ASSIGNMENT: Hand back every line from the beginning of the data below through the line containing "Editée à l'occasion", word for word and free of pictures.

RECORDS SHOWN:

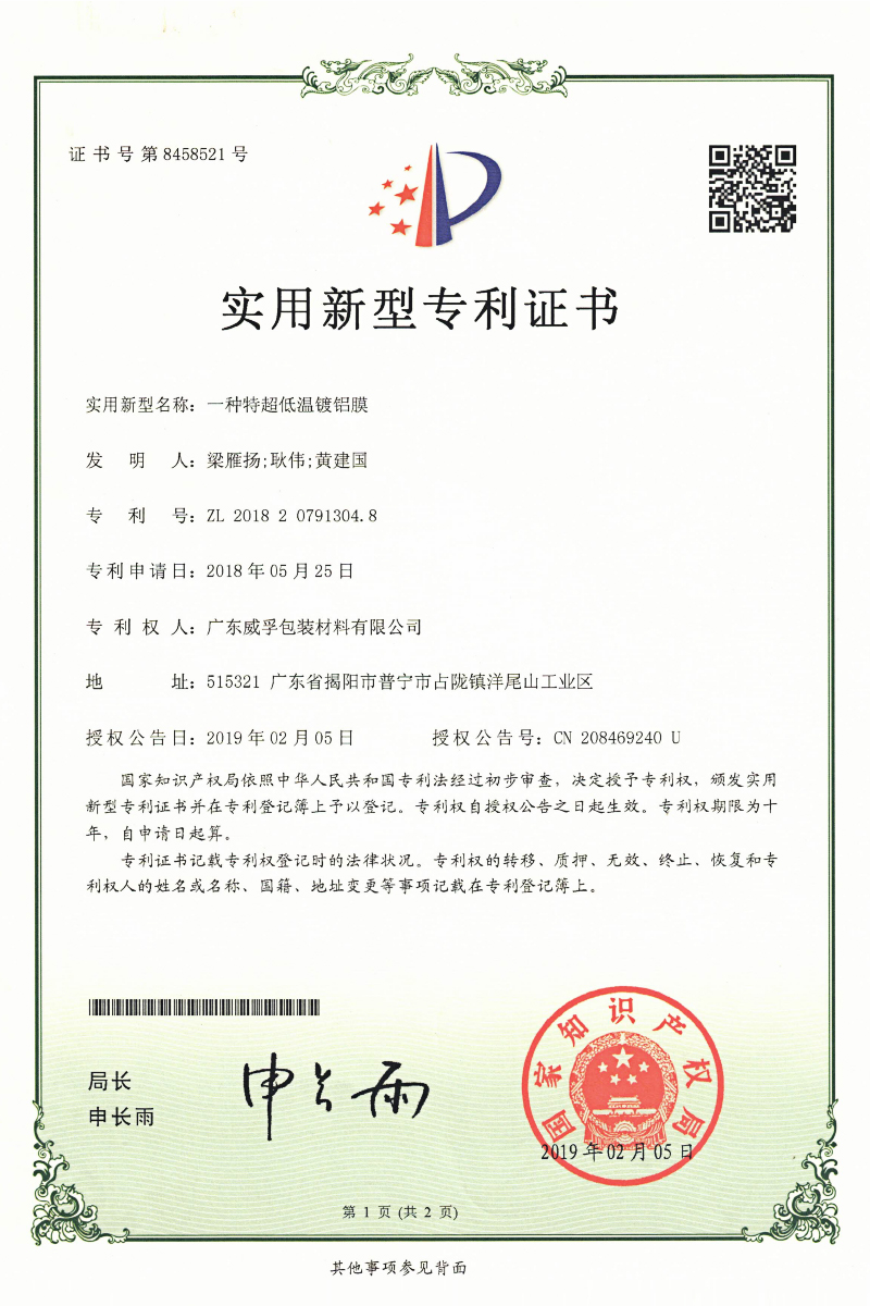 廣東威孚包裝材料有限公司成立
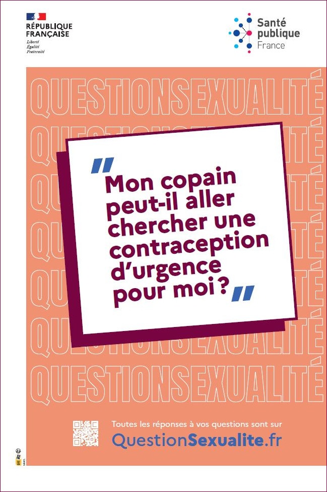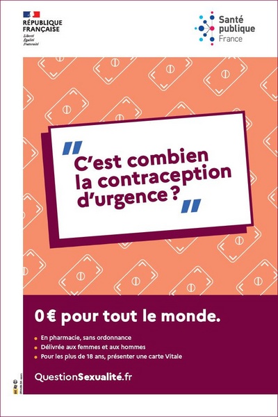 Editée à l'occasion de la semaine de la santé sexuelle 2023, cette affiche précise les conditions de la gratuité de la contraception d'urgence. Accroche : "C’est combien la contraception d’urgence...
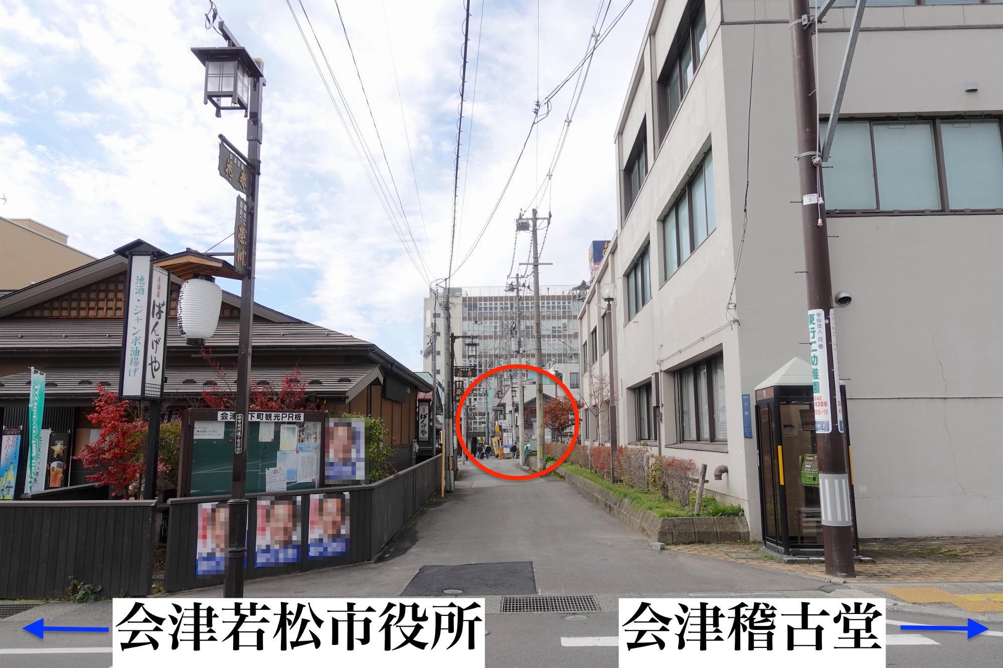 花小路通り【会津若松市】飲食店の紹介 会津稽古堂の手前 市役所前通りの西 神明通りに通じる小路
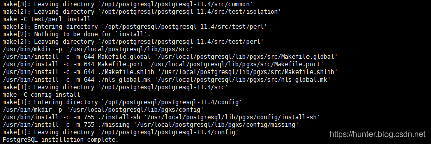 [root@localhost postgresql-11.4]# make && make install
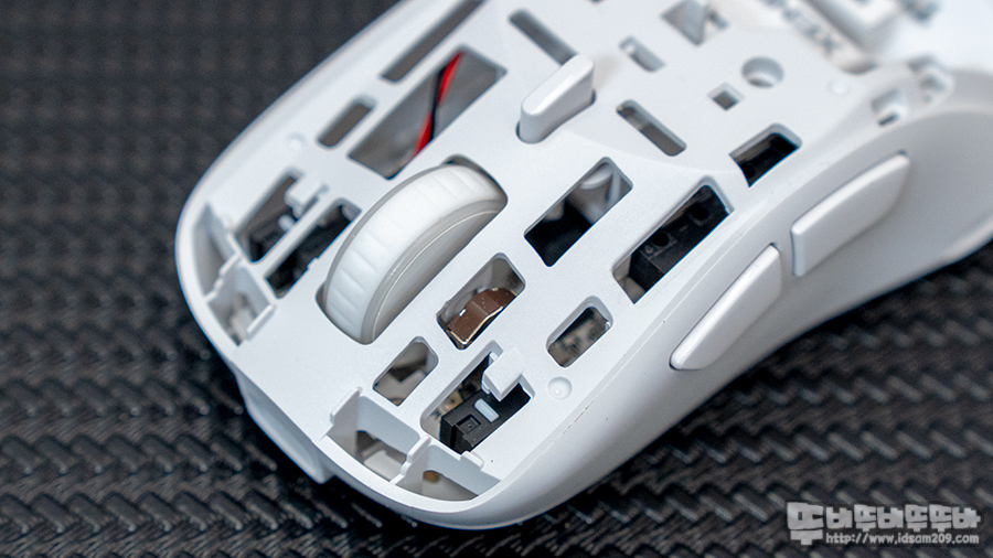 사용 면에서는 큼지막한 사이드 버튼이 만족스러웠으며 타공 디자인 덕에 옴론 스위치 소리가 크게 들리는 부분이 있지만, 이전 유선 모델의 후아노 핑크 스위치보다는 가벼운 느낌이 있어 편안하게 사용할 수 있었습니다.
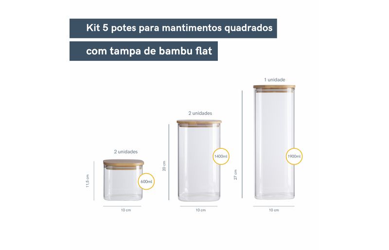 1 unidade - pote de mantimentos quadrado flat 1900ml tampa bambu - oikos
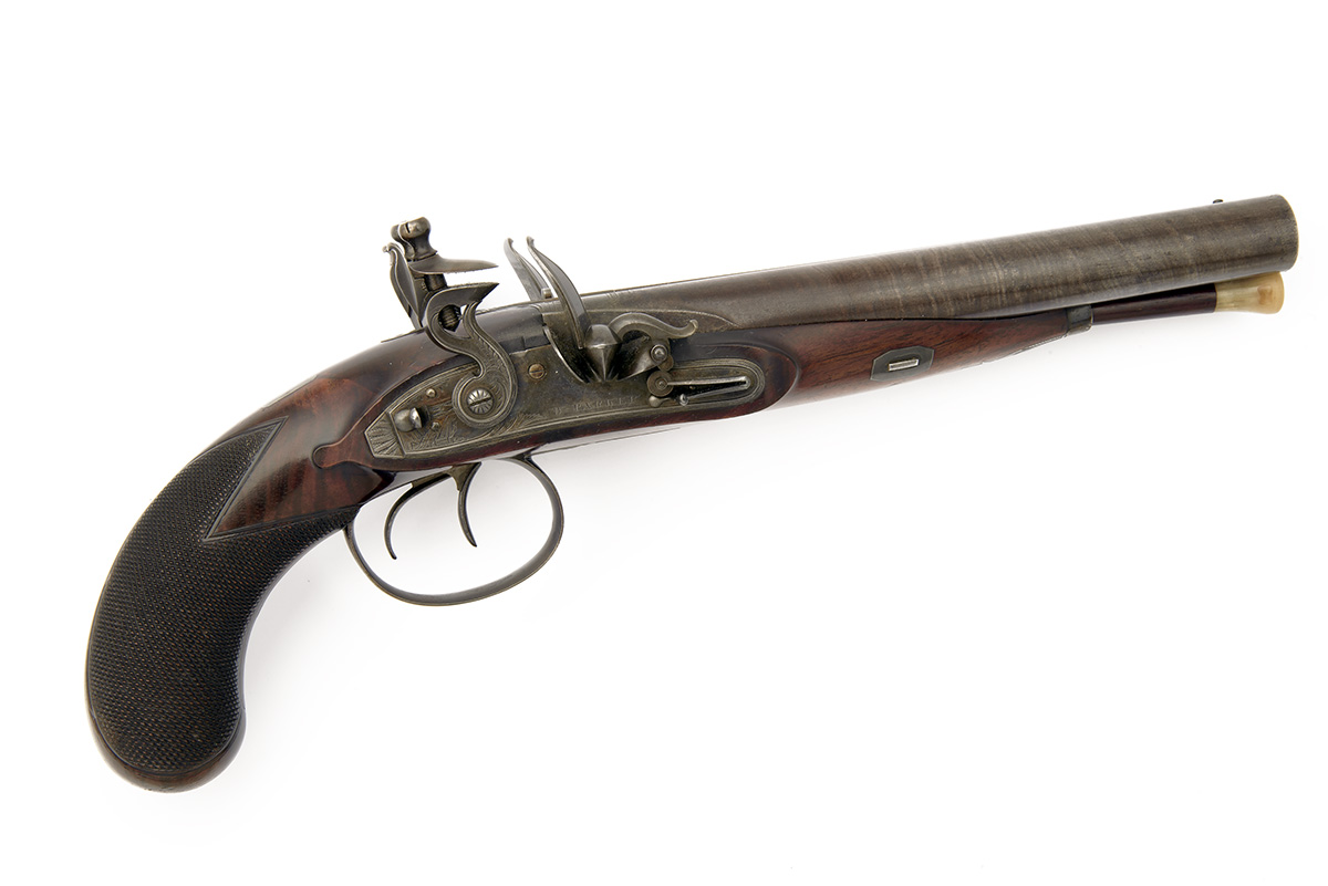 A GOOD .65 DOUBLE-BARRELLED FLINTLOCK OFFICERS PISTOL BY W. PARKER CIRCA 1810, no visible serial number,
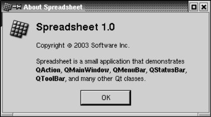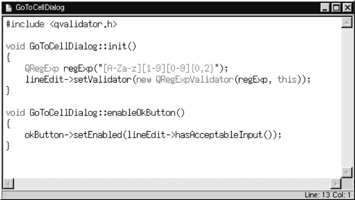 Если во время компиляции возникла ошибка в строке 8, то это означает, что у вас установлена более старая версия Qt, чем требуется. Напоминаем еще раз, что для прогона примеров из этой книги вы должны установить Qt 3.2 или более поздний выпуск Qt 3. |
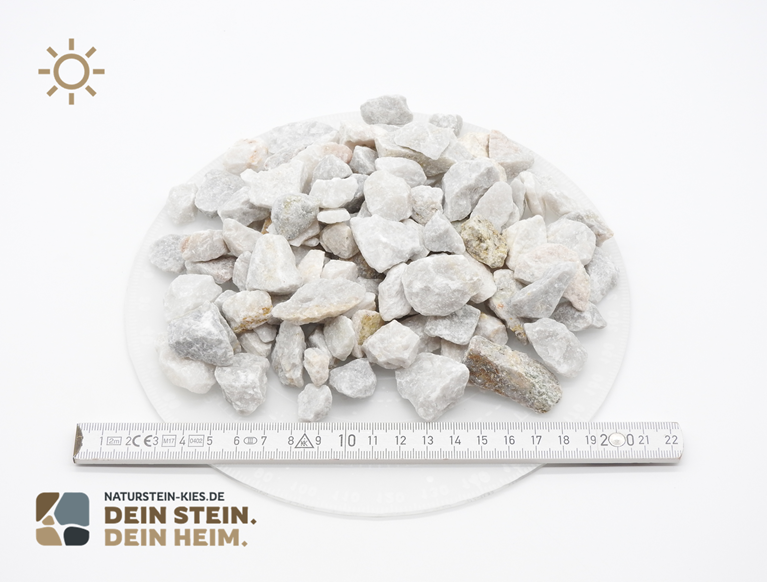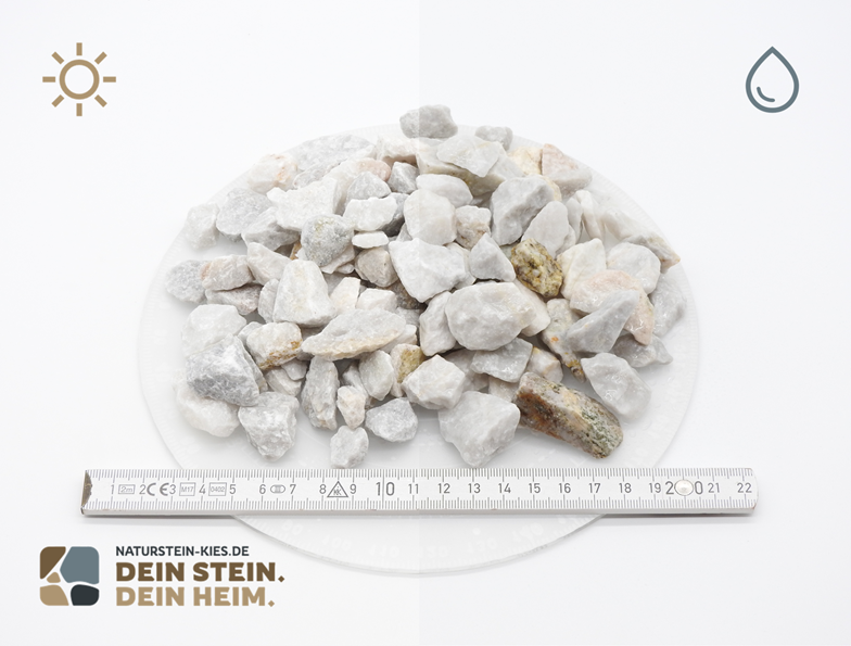 Marmor Splitt ist ein attraktives Material, das durch seine naturweiße Farbpalette überzeugt. Die Steine variieren in den Tönen von reinweiß bis gräulich-weiß, was ihnen ein besonders natürliches Aussehen verleiht und es ihnen ermöglicht, sich harmonisch in jede Umgebung einzufügen. Die glitzernden Partikel reflektieren das Sonnenlicht und schaffen eine angenehme Atmosphäre, die zum Wohlfühlen und Träumen einlädt.

RESPONSE FOR THIS EXERCISE:
 廣東威孚包裝材料有限公司成立
 Editée à l'occasion de la semaine de la santé sexuelle 2023, cette affiche précise les conditions de la gratuité de la contraception d'urgence. Accroche : "C’est combien la contraception d’urgence...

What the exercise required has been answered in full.